Source information -
↓

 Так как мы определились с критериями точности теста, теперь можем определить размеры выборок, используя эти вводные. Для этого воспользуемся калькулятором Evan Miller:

↑
↓

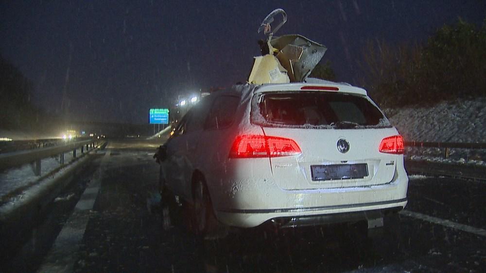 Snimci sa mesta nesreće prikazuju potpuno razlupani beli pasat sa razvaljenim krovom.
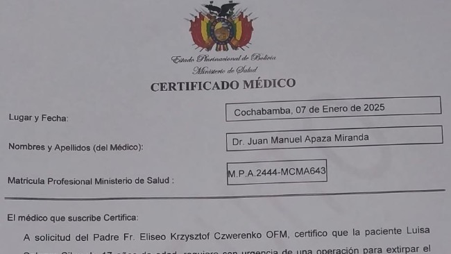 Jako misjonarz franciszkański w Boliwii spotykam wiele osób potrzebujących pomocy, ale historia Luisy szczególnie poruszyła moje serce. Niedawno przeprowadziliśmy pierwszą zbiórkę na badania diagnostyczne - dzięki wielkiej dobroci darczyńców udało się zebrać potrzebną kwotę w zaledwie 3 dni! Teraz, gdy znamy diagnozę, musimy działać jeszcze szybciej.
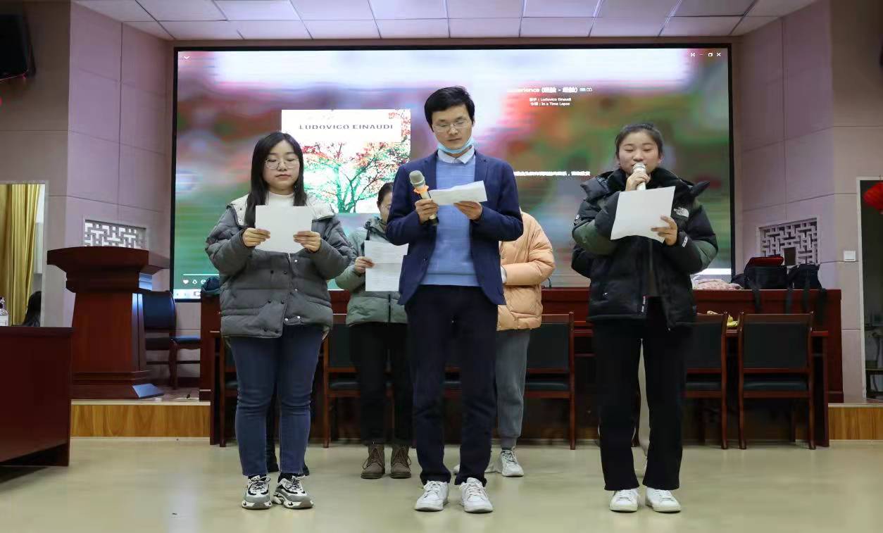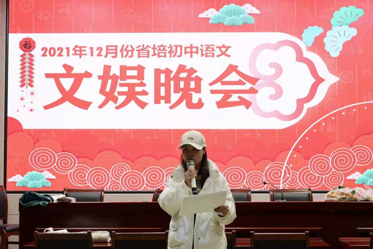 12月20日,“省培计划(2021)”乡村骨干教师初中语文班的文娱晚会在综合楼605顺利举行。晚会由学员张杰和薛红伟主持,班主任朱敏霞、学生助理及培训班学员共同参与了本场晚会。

↑

Task item - Working from the data above, repeat exactly, and only, the lines that begin at the line containing "Snimci sa mesta" and stop after the line containing "Jako misjonarz franciszkański"; pictures are not copied.

Result of the task -
 Snimci sa mesta nesreće prikazuju potpuno razlupani beli pasat sa razvaljenim krovom.
 Jako misjonarz franciszkański w Boliwii spotykam wiele osób potrzebujących pomocy, ale historia Luisy szczególnie poruszyła moje serce. Niedawno przeprowadziliśmy pierwszą zbiórkę na badania diagnostyczne - dzięki wielkiej dobroci darczyńców udało się zebrać potrzebną kwotę w zaledwie 3 dni! Teraz, gdy znamy diagnozę, musimy działać jeszcze szybciej.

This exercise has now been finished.